Total hotel tax revenue questioned as counties struggle to identify short-term rentals

Somerset County Treasurer Anthony DeLuca suspected hotel tax payments coming into his office were a bit sparse.

So DeLuca, a retired police detective in his first year in office, took it upon himself to investigate how many short-term rentals were on the market in Somerset County, and which weren’t paying the property tax. 5%.

“When I came to power, I thought, ‘This is not good. We have more (rentals) than that,” DeLuca said.

Over the next few months, DeLuca scoured websites such as Airbnb and Vrbo and found dozens of homes and rooms to rent.

The problem is that the county had no record of them as properties available for rent, and it suspected that the owners had failed to fork out the required tax.

It’s a problem other counties are experiencing, but so far none have followed DeLuca’s lead.

Westmoreland County levies a 5% hotel tax on 98 rental properties, according to Treasurer Jared Squires. Collections average about $2 million per year, with nearly 10% of that revenue coming from third-party short-term booking companies.

This money came from lump sum payments from vendors, with no additional information on who collected the tax and when the sites were rented. Last year, the county received 25 payments totaling nearly $190,000 from these reservation companies.

Through May, Westmoreland has received $125,000 in hotel taxes from short-term rental companies. The county does not track individual payments from third-party booking sites, Squires said.

“I don’t think it’s a huge amount that we’re missing, but we’re not breaking it down. The ability to find it ourselves is next to impossible,” Squires said.

Revenue from hotel tax in Westmoreland County is used primarily to promote tourism. About 60% of tax revenue is donated to Go Laurel Highlands, an agency that promotes tourism in Westmoreland, Fayette and Somerset counties. Formerly known as the Laurel Highlands Visitors Bureau, the agency sets aside a portion of hotel tax revenue collected in Westmoreland County to provide grants to tourist attractions.

Ann Nemanic, executive director of Go Laurel Highlands, estimated that there were between 400 and 500 short-term rentals available in Westmoreland County through private third-party internet booking sites, but it proved difficult to determine the exact numbers.

It is unclear exactly how much revenue the tourism agency missed due to underpayments of hotel tax on these rentals.

“This is a huge problem and needs to be addressed at the state level,” Nemanic said. “We’re working with the counties as best we can, but there’s likely to be money they’re not getting.”

Allegheny County collected $24.8 million of its 7% hotel tax in 2021.

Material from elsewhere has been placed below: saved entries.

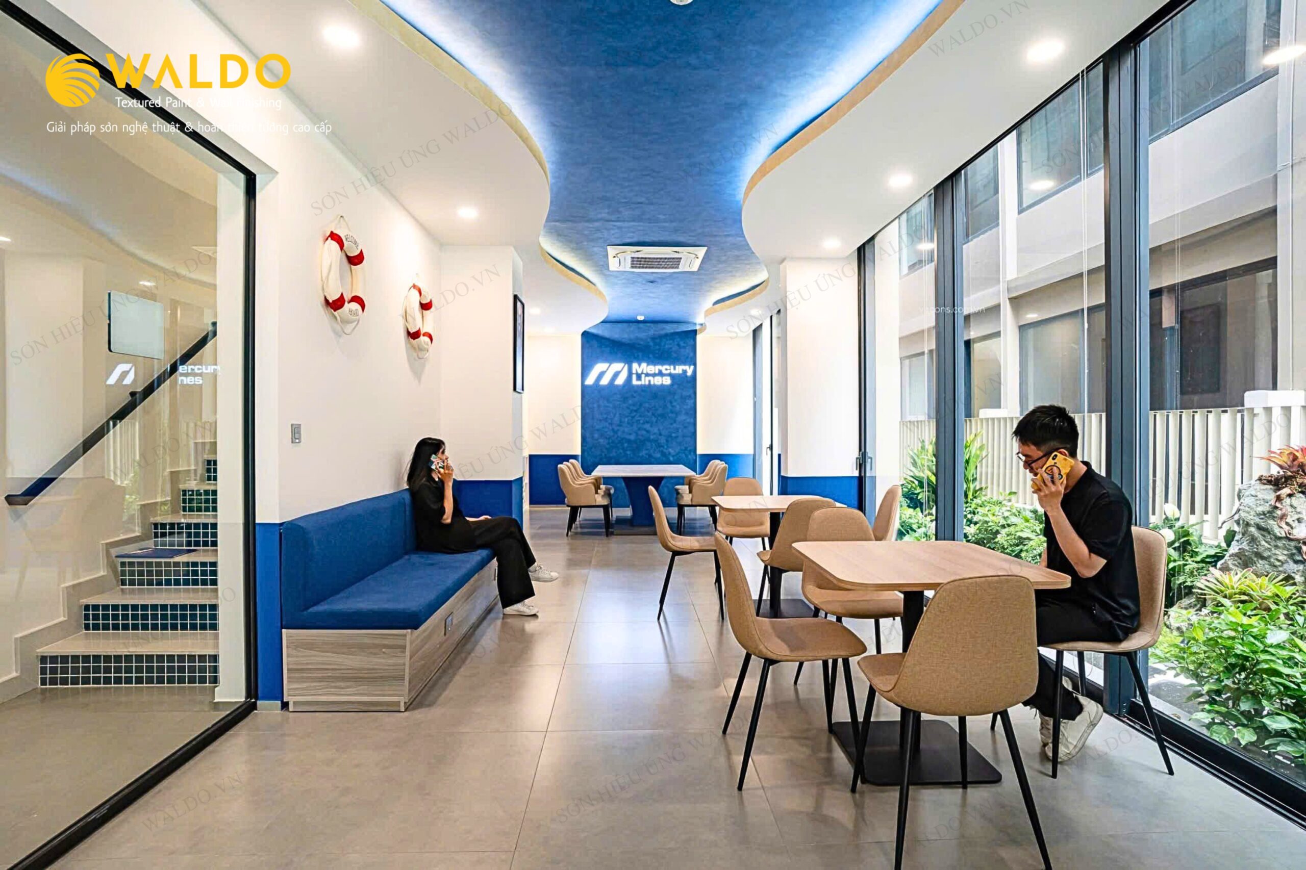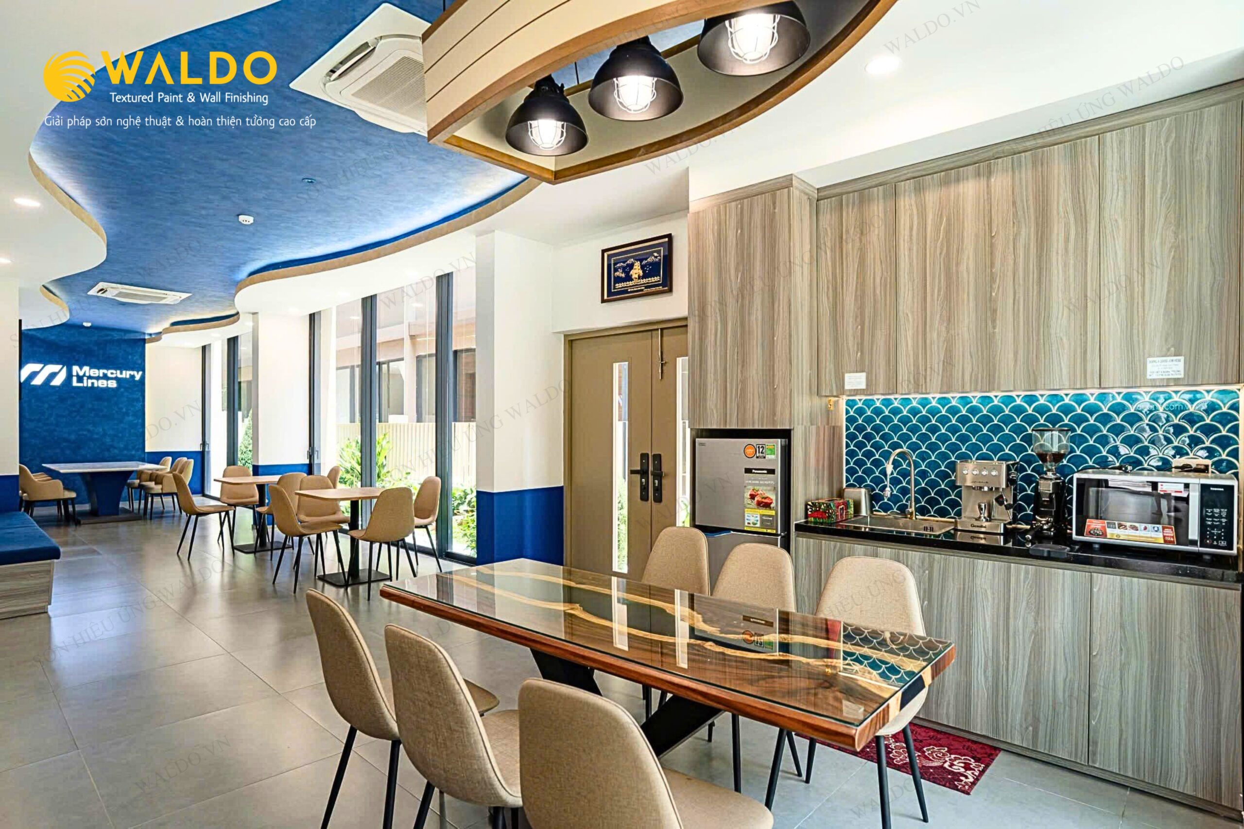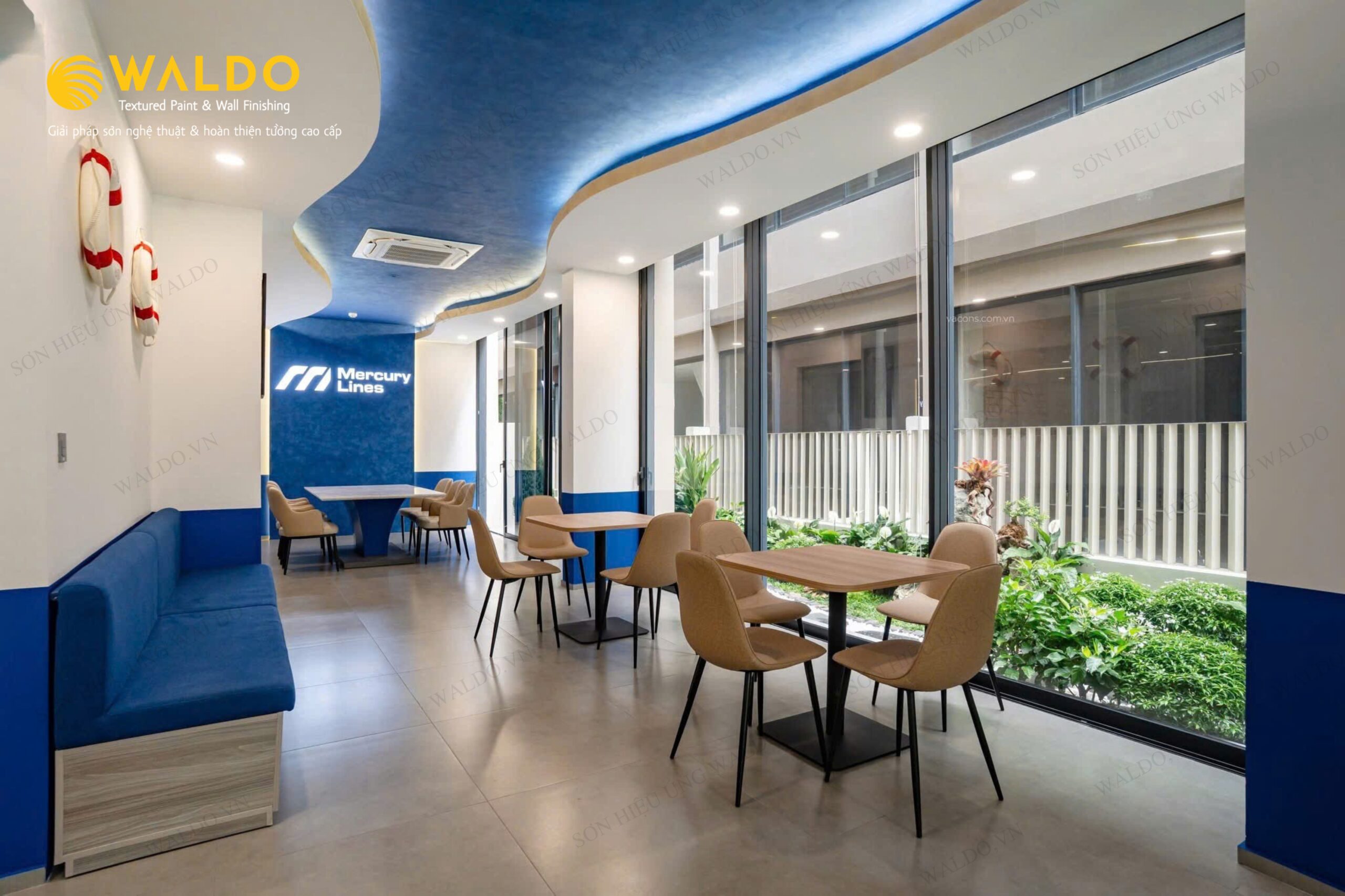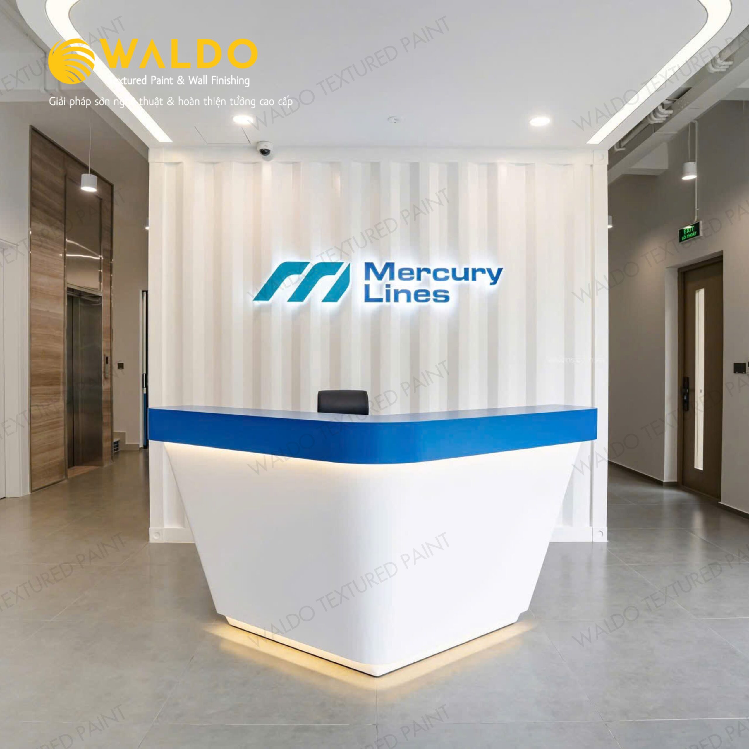 Waldo tự hào đồng hành cùng VĂN PHÒNG MERCURY LINES trong việc ứng dụng sơn hiệu ứng cao cấp vào không gian văn phòng hiện đại. Với mong muốn mang đến diện mạo độc đáo, tinh tế và thể hiện đẳng cấp thương hiệu, Waldo đã góp phần tạo nên những bức tường sơn hiệu ứng nhũ ngọc trai vân san hô phối cùng màu xanh dương của logo, tạo cảm giác ấn tượng, sang trọng nhưng vẫn đảm bảo tính bền vững, chống bám bẩn và dễ dàng bảo trì.
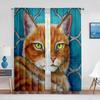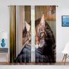 Niedliche Katze Aquarellmalerei Kunst Floral Transparente Voile-Vorhänge für Schlafzimmer Küche Tüll-Fenstervorhänge für Wohnzimmer Vorhänge
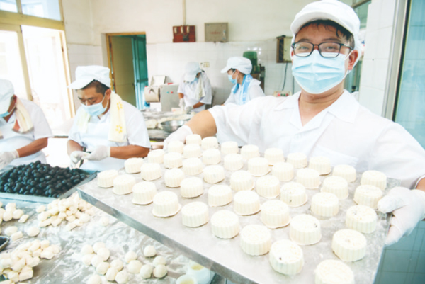 8月23日,在金華市區糖古糕點制作室里,員工趕制傳統手工婺式月餅。 傳統婺式月餅口味清淡,少糖少油符合現代人對健康飲食的追求。今年中秋節在9月21日,婺式月餅提前到7月初就開始制作,到中秋節前10天進入制作銷售高峰。(時寬兵)

Diana Maize, assistant director of special taxes for Allegheny County Treasurer John Weinstein, said no local investigation has been undertaken to determine whether revenues received from third-party booking companies accurately reflect the actual number of rentals.

“There’s no way to quantify what they’re sending us. It’s like having a moving target,” Maize said.

Legislation pending at the State House could help.

A bill introduced last year would require third-party booking sites to register with the state Department of Revenue. Listings of rental units would be given to county treasurers, according to the proposal.

State Rep. Eric Nelson, R-Hempfield, one of the bill’s co-sponsors, said it’s unclear if the proposal will become law.

“What we’re trying to do is see consistency with online commerce and physical commerce,” Nelson said.

Meanwhile, DeLuca said he scours sites such as Airbnb every day to find new listings for short-term rentals in his county.

Since the beginning of the year, he has identified around 100 landlords who have rented houses and rooms and, in turn, sent them tax bills. He estimated there could be as many as 700 sites across the county.

“We brought in about $24,000 in additional revenue from these short-term rentals,” DeLuca said. “It’s just taking that extra time and looking at things.”

Representatives for Airbnb and Vrbo did not respond to a request for comment.